● Task prompt
Write out again the lines from the line with "กล่องเดิม ) ** 2 **" up to and including the line with "Décédé à Cambrai (59400, France)", exactly as they stand below, and skip any picture.

● Supplied records

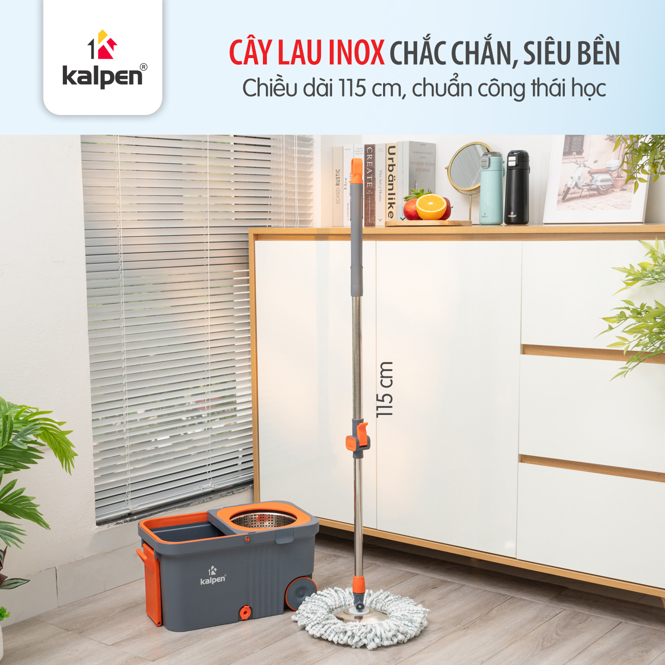 Thân cây lau được làm từ thép không gỉ dày 0.28 mm và 0.26 mm, đường kính 0.25 mm, chịu lực tốt, hạn chế cong vênh. Chiều dài 115 cm phù hợp với vóc dáng người Việt, giúp lau dọn thoải mái mà không cần cúi nhiều, giảm mỏi lưng. Khớp xoay linh hoạt giúp dễ dàng làm sạch các khu vực gầm bàn, gầm giường và góc hẹp.
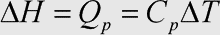 dq ist unter isobaren Bedingungen gleich cpdT. Nun teilt man noch durch die Stoffmenge und erhält die gesuchte Beziehung unter der Annahme, daß Cp für die betrachteten Temperaturdifferenzen konstant bleibt (in der Praxis verwendet man oftmals geeignete Mittelwerte).
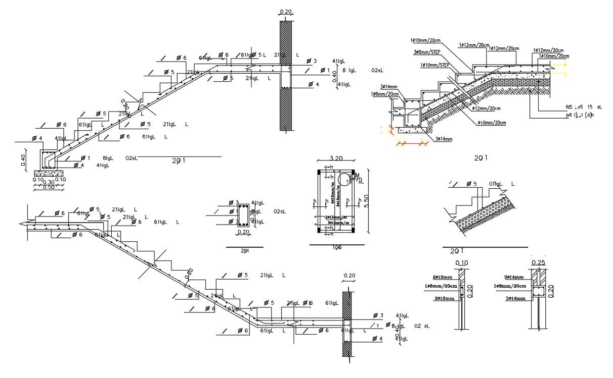 structural drawing of stair section detail with beam reinforcement, column bars details, joints details between wall and beam.its all details of stairs related download CAD File format.
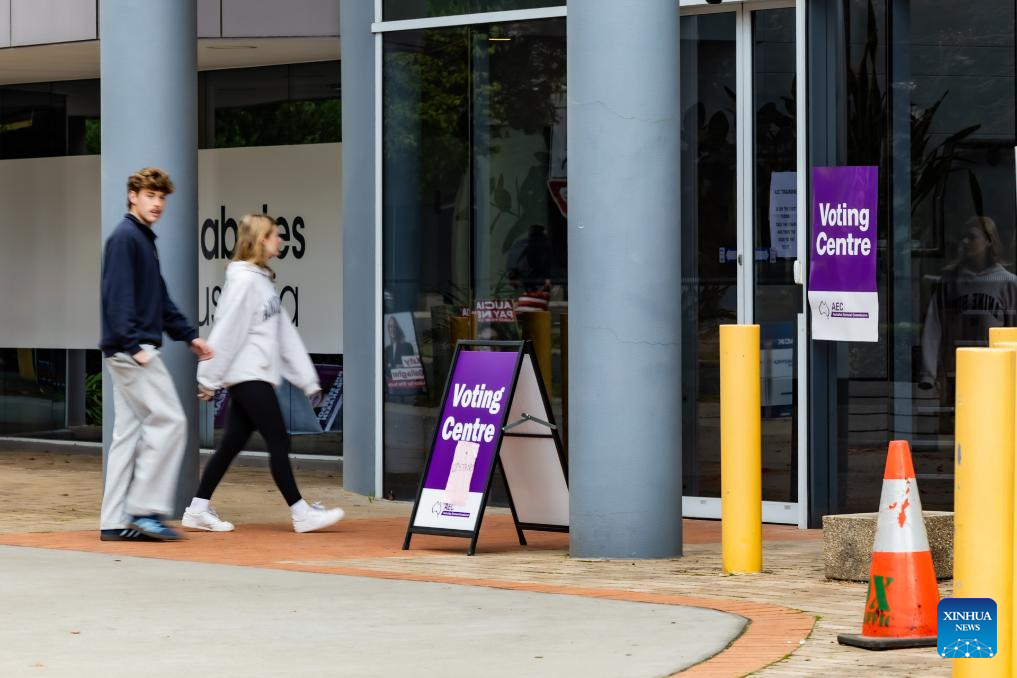 Voters enter a polling station for Australia's general election in Canberra, Australia, on April 26, 2025. Early voting began in Australia's general election on April 22, with about half of the country's 18 million registered voters expected to cast their ballots before election day on May 3. (Photo by Chu Chen/Xinhua)
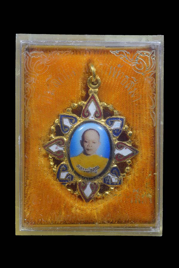 ล็อกเก็ตเข็มกลัดครึ่งองค์หน้าหนุ่ม ที่ระลึกในงานผูกพันธสีมา วัดเจริญพรต ( ตัวถังโลหะลายฉลุกะไหล่ทอง ลงยาธงชาติ ) พ.ศ.2531 ( กล่องเดิม ) ** 2 **
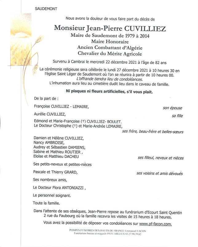 Décédé à Cambrai (59400, France) le mercredi 22 décembre 2021 à l'âge de 82 ans
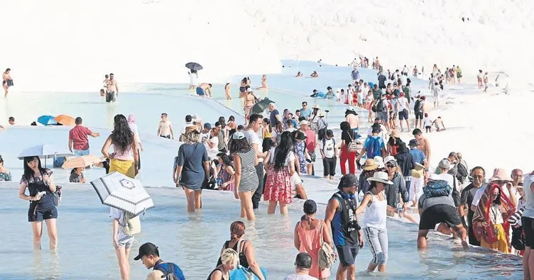 Ege ve Akdeniz'deki tatil beldelerinden dönüşe geçenlerin de Pamukkale'ye uğramasıyla, ören yeri girişinde uzun kuyruklar oluştu. Denizli Turistik Otelciler ve İşletmeciler Derneği (DENTUROD) Başkanı Gazi Murat Şen, , ülke genelinde oldukça verimli geçen 2019 turizm sezonundan Pamukkale'nin de nasibini aldığını söyledi. Pamukkale'de bayram tatili boyunca ciddi yoğunluk yaşandığını dile getiren Şen, "Pamukkale, yerli ve yabancı ziyaretçilerin uğrak yerlerinin başında geliyor. Yaz döneminde yerli misafirlerimizin arttığı bölge, bayram tatilinde sahil beldelerine gitmeyen vatandaşlarımızdan ilgi gördü. Pamukkale, ayrıca sahillere gidenlerin de geçiş güzergahında olmasından dolayı tercih edildi. Bayramın 4 gününde 57 bin ziyaretçinin giriş yaptığı Pamukkkale'yi, arifeyle birlikte 5 günlük tatilde 70 bin yerli ve yabancı turist ziyaret etti. Konuklarımız, eşsiz güzellikteki travertenlerde termal suyla temas ederek buradaki güzelliği yaşadı. Denizli'de daha çok ziyaretçi ağırlamak istiyoruz" dedi

● Answer to this task
 ล็อกเก็ตเข็มกลัดครึ่งองค์หน้าหนุ่ม ที่ระลึกในงานผูกพันธสีมา วัดเจริญพรต ( ตัวถังโลหะลายฉลุกะไหล่ทอง ลงยาธงชาติ ) พ.ศ.2531 ( กล่องเดิม ) ** 2 **
 Décédé à Cambrai (59400, France) le mercredi 22 décembre 2021 à l'âge de 82 ans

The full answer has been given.